From the first line to the last, restate the material word for word, omitting pictures.

— Data —
# # # # # # #
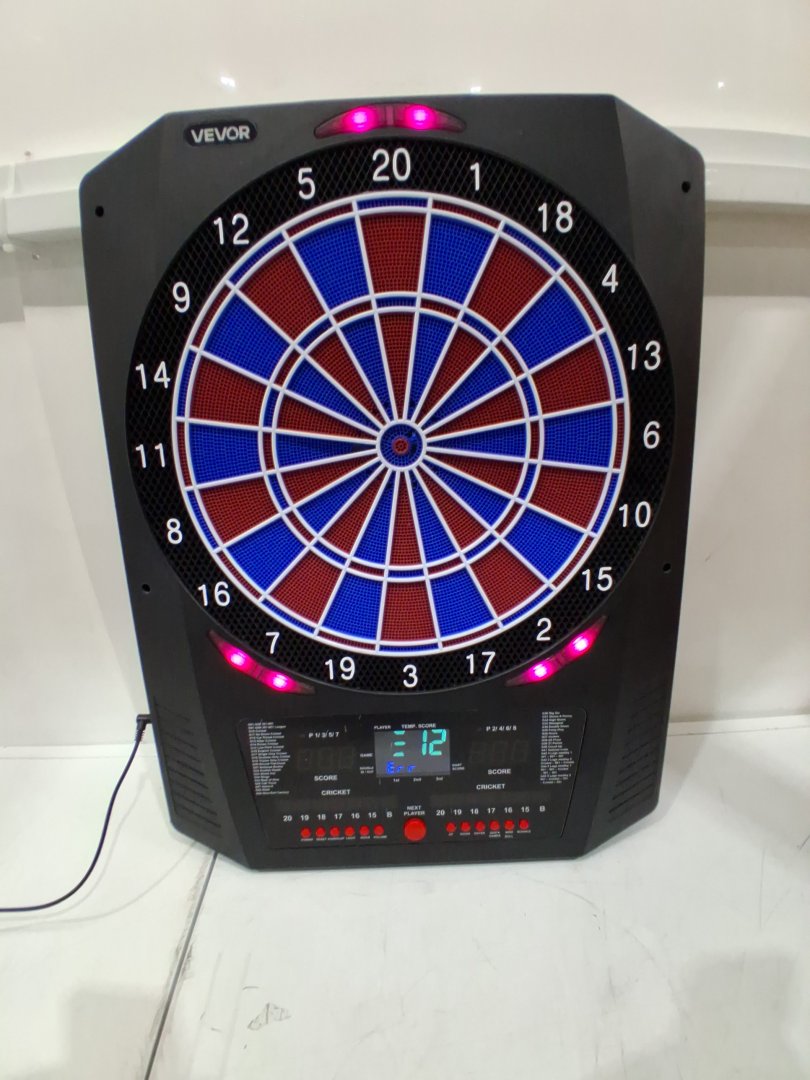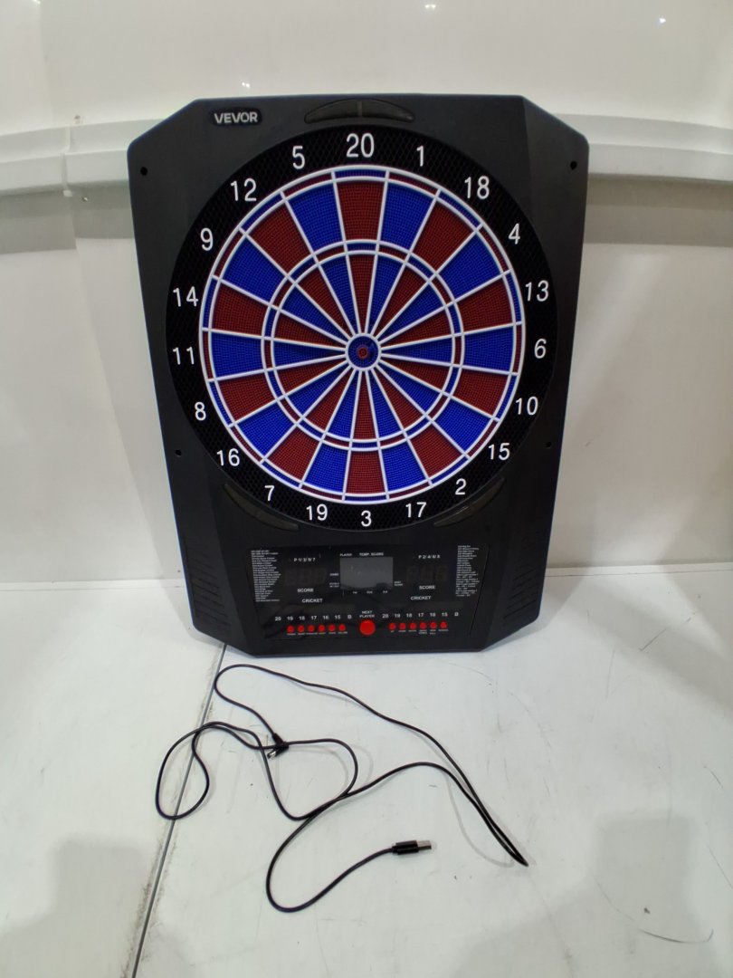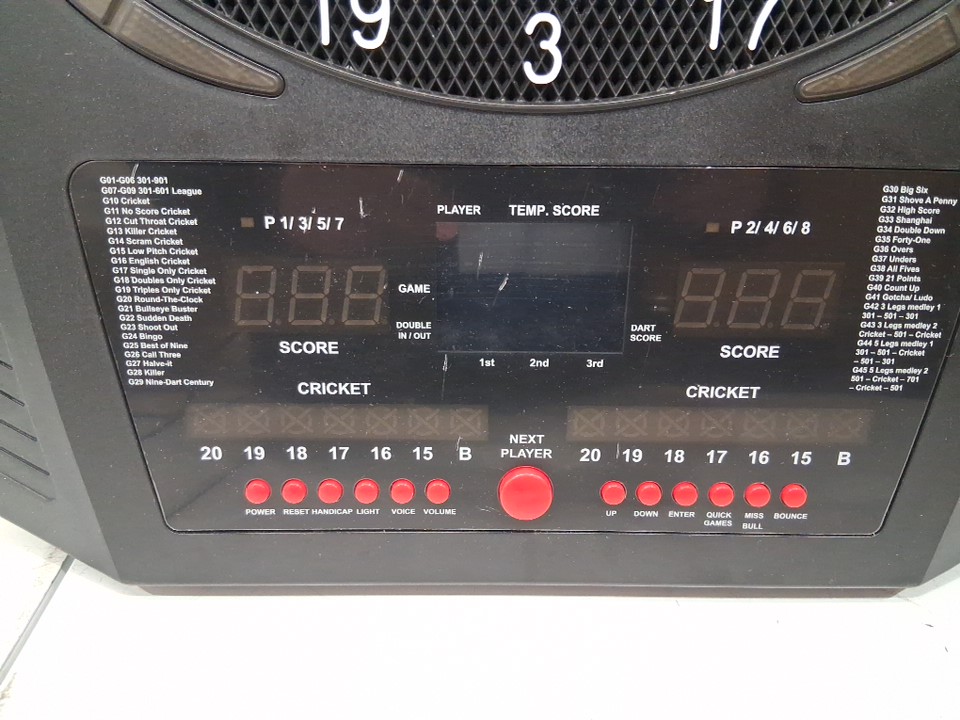 Item shows signs of previous use such as impact distress on board, scratches on screen, and mild white dust on back of item. Item does NOT include darts. Item tested for power.
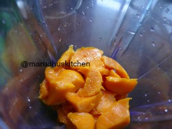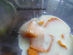 1.Take cut mangoes in a blender.
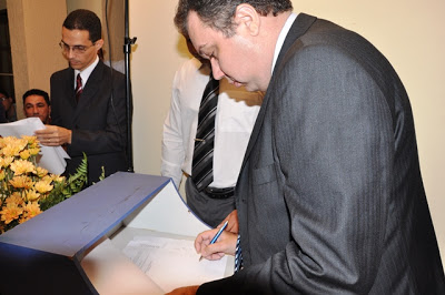 solenidade na prefeitura, entre autoridades municipais e do judiciário
# # # # # # #
— Written response —
 Item shows signs of previous use such as impact distress on board, scratches on screen, and mild white dust on back of item. Item does NOT include darts. Item tested for power.
 1.Take cut mangoes in a blender.
 solenidade na prefeitura, entre autoridades municipais e do judiciário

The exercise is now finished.